Author of the fabulous Tuesday Tells It Slant, Holly Christine was kind enough to address the issue of keeping a journal (something that Tuesday did, although she altered her past by creating new journal entries).
Keeping a journal at times seems unnecessary. We have cameras on our phones and text messages and Facebook to look back on, right?
My parents were preparing to sell their home a few years ago and I was faced with these old diaries (one had a lock on it and a unicorn on the cover). I started to read through them and became flooded with emotion. I could see the changes in my life in my own handwriting. It was powerful and entertaining all at the same time. I had forgotten what a gossip queen I was in fifth grade.
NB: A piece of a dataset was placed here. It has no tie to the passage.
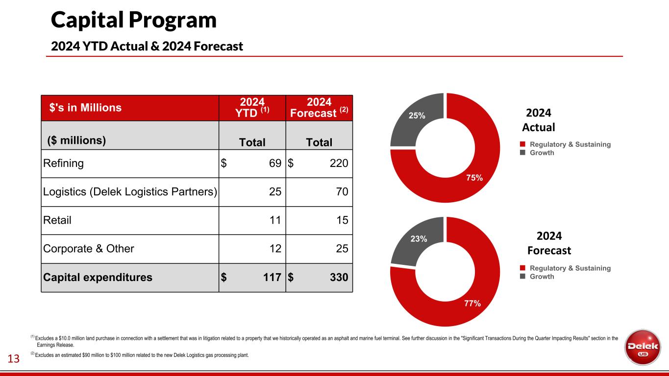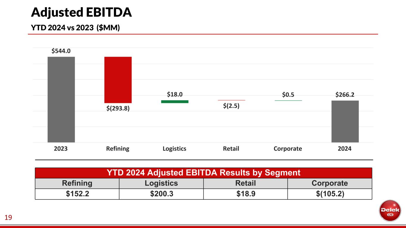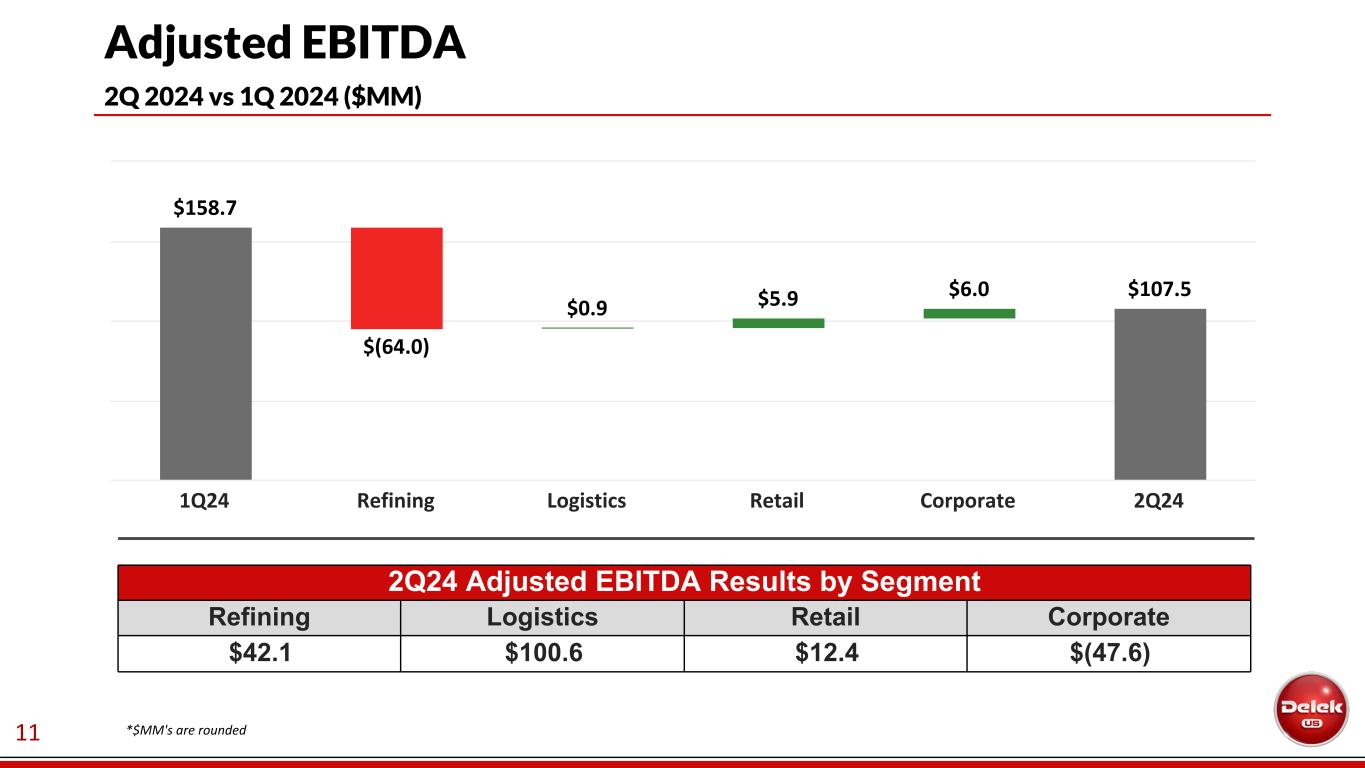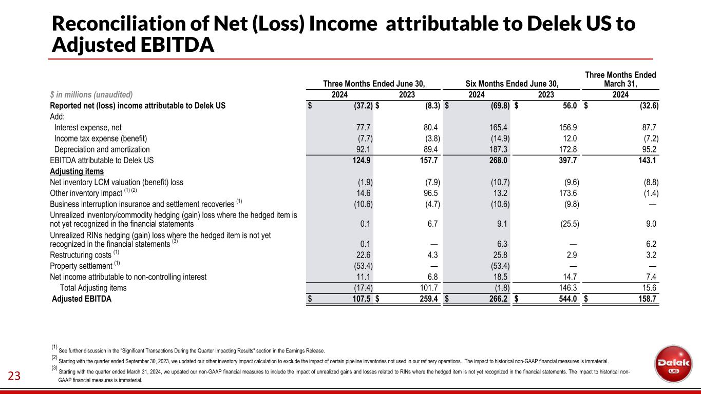 25 Reconciliation of Segment EBITDA Attributable to Delek US to Adjusted Segment EBITDA (1) See further discussion in the "Significant Transactions During the Quarter Impacting Results" section in the Earnings Release. (2) Starting with the quarter ended September 30, 2023, we updated our other inventory impact calculation to exclude the impact of certain pipeline inventories not used in our refinery operations. The impact to historical non-GAAP financial measures is immaterial. (3) Starting with the quarter ended March 31, 2024, we updated our non-GAAP financial measures to include the impact of unrealized gains and losses related to RINs where the hedged item is not yet recognized in the financial statements. The impact to historical non-GAAP financial measures is immaterial. (4) During the second quarter 2024, we realigned our reportable segments for financial reporting purposes to reflect changes in the manner in which our chief operating decision maker, or CODM, assesses financial information for decision-making purposes. The change represents reporting the operating results of our 50% interest in a joint venture that owns asphalt terminals located in the southwestern region of the U.S. within the refining segment. Prior to this change, these operating results were reported as part of corporate, other and eliminations. While this reporting change did not change our consolidated results, segment data for previous years has been restated and is consistent with the current year presentation. Six Months Ended June 30, 2024 $ in millions (unaudited) Refining (4) Logistics Retail Corporate, Other and Eliminations (4) Consolidated Segment EBITDA Attributable to Delek US $ 122.4 $ 200.3 $ 18.9 $ (73.6) $ 268.0 Adjusting items Net inventory LCM valuation (benefit) loss (10.7) — — — (10.7) Other inventory impact (1) (2) 13.2 — — — 13.2 Unrealized inventory/commodity hedging (gain) loss where the hedged item is not yet recognized in the financial statements 9.1 — — — 9.1 Unrealized RINs hedging (gain) loss where the hedged item is not yet recognized in the financial statements (3) 6.3 — — — 6.3 Restructuring costs (1) 22.5 — — 3.3 25.8 Business interruption insurance recoveries (1) (10.6) — — — (10.6) Property settlement (1) — — — (53.4) (53.4) Net income attributable to non-controlling interest — — — 18.5 18.5 Total Adjusting items 29.8 — — (31.6) (1.8) Adjusted Segment EBITDA $ 152.2 $ 200.3 $ 18.9 $ (105.2) $ 266.2 Six Months Ended June 30, 2023 $ in millions (unaudited) Refining (4) Logistics Retail Corporate, Other and Eliminations (4) Consolidated Segment EBITDA Attributable to Delek US $ 317.3 $ 182.3 $ 21.4 $ (123.3) $ 397.7 Adjusting items Net inventory LCM valuation (benefit) loss (9.6) — — — (9.6) Other inventory impact (1) (2) 173.6 — — — 173.6 Unrealized inventory/commodity hedging (gain) loss where the hedged item is not yet recognized in the financial statements (25.5) — — — (25.5) Restructuring costs — — — 2.9 2.9 Business interruption insurance recoveries (9.8) — — — (9.8) Net income attributable to non-controlling interest — — — 14.7 14.7 Total Adjusting items 128.7 — — 17.6 146.3 Adjusted Segment EBITDA $ 446.0 $ 182.3 $ 21.4 $ (105.7) $ 544.0

Back then, I wrote with the idea that recording my life in pen was important and timeless. For some reason, the emotional impact is much more extreme in pen. It’s quicker too. It’s a release, a physical release that stays on paper for as long as you like.
This moment of reading my old diary entries inspired the basis of Tuesday Tells it Slant. I kept thinking that it would be easy to erase these old memories that I had. Perhaps I wanted to forget that I fought with my younger brother. Couldn’t I just rip the page out? I had forgotten about that fight up until the moment I saw it in my diary.
Throughout the book, Tuesday changes her old diary entries, eliminating all painful memories. But in the process, she loses her self; her soul seems halfhearted and confused. Her diary, as it turns out, is like an extension of her existence.
But all entries aren’t necessarily painful memories. My mother kept a journal of her pregnancy with me and recently gave it to me. It is written in pen on regular notebook paper and it is a tradition that I plan to continue.
A diary is a gift to your future and your present soul. It can inspire the future while recording the present and is like an old photo of your emotions: timeless.